The difference between the flipping cake and ordinary cake is as follows:
1, the production process is different
The production process of flipping cake is more complicated and time-consuming compared with the ordinary cake, while the production of the ordinary cake is relatively more simple and fast.
2, the process is different
Flip cake is a kind of cake with very strong craftsmanship, it has strong plasticity, most of the flip cake is very beautiful and beautiful. Ordinary cake is relatively poor plasticity, generally more simple.
3, the price is different
The price of the flipping cake is more expensive, because all the ingredients of the flipping cake are imported from foreign countries, it is not made of general cream or mousse, so the price is naturally expensive. While the ordinary cake ingredients can be bought in the country, the relative cost is much lower, the selling price is naturally cheaper.
Related Knowledge of Flip Cake
Flip Cake is a dessert made of cake, milk, coffee and other ingredients. Originating from the British art cake, it is a favorite cake decorating technique in the United States. Flipping sugar is often used in cake and pastry surface decoration. It is a kind of cake with strong craftsmanship. It is the main material to replace the common whipped cream, covering the body of the cake, and then a variety of sugar-plastic flowers, animals and other decorations, the cake as decorations as exquisite, gorgeous.

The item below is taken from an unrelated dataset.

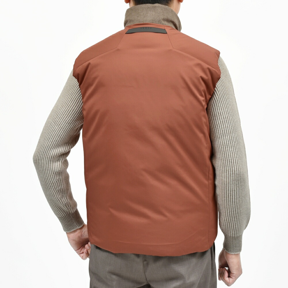 ソラーロは表に下糸のちらつきが出て玉虫状に見える生地になるんですが、このダウンベストはリバーシブルで、表にチラついているオレンジを裏地のポリエステルで表現しています。なので、実際に裏地を見ている様なイメージでリバーシブルベストとして着て頂けるというこだわりですね。

Because it is longer than the whipped cream decorated cake preservation time, and beautiful, three-dimensional, easy to shape, in the shape of the play on the space is relatively large, so it is the most popular kind of cake abroad, but also the wedding and anniversary of the most commonly used cake.

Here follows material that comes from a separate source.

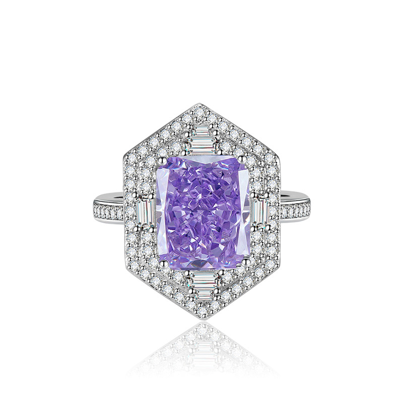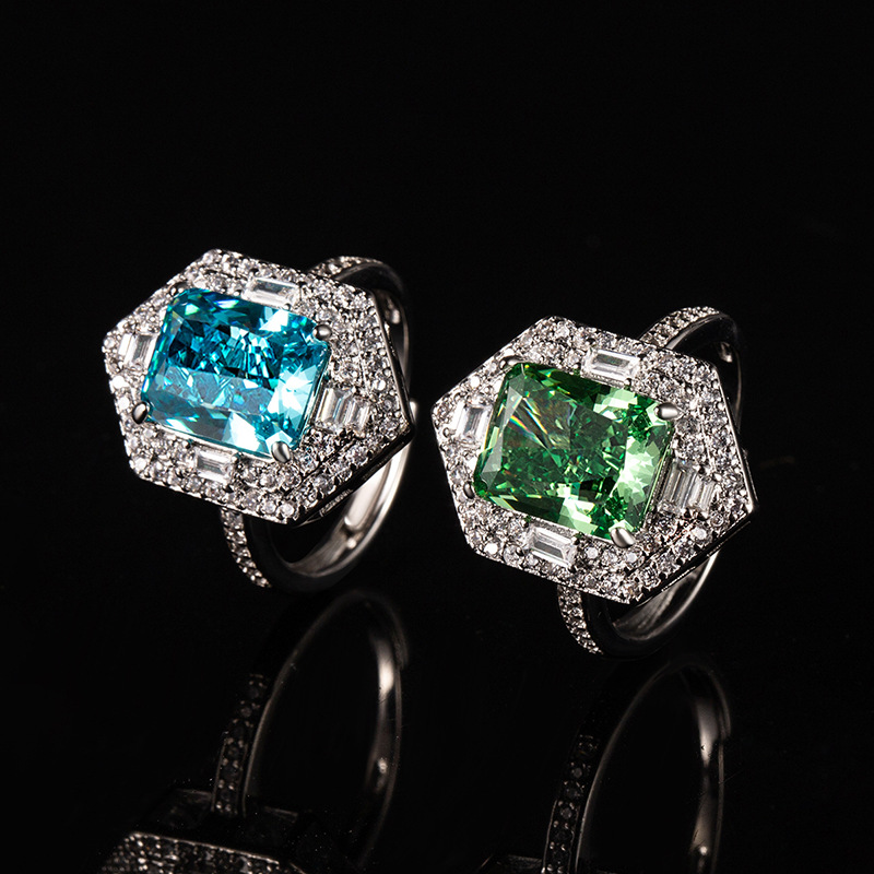 高端设计高碳钻冰花切彩色锆石戒指时尚长方红色豪镶指环

In the 18th century, people began to add wild fruits to the cake, and also began to put a layer of frosting on the surface of the cake to increase the flavor of the cake. 1920s, began to take the three-tier wedding cake as the mainstream. The bottom tier was used for entertaining wedding guests, the middle tier was given to guests to take home, and the top tier was reserved for use after a child's christening.
In the 1970s, the Australians invented the sugar crust, which the British introduced and built on, but at the time this cake was only seen at royal weddings, so he was also seen as a symbol of aristocracy.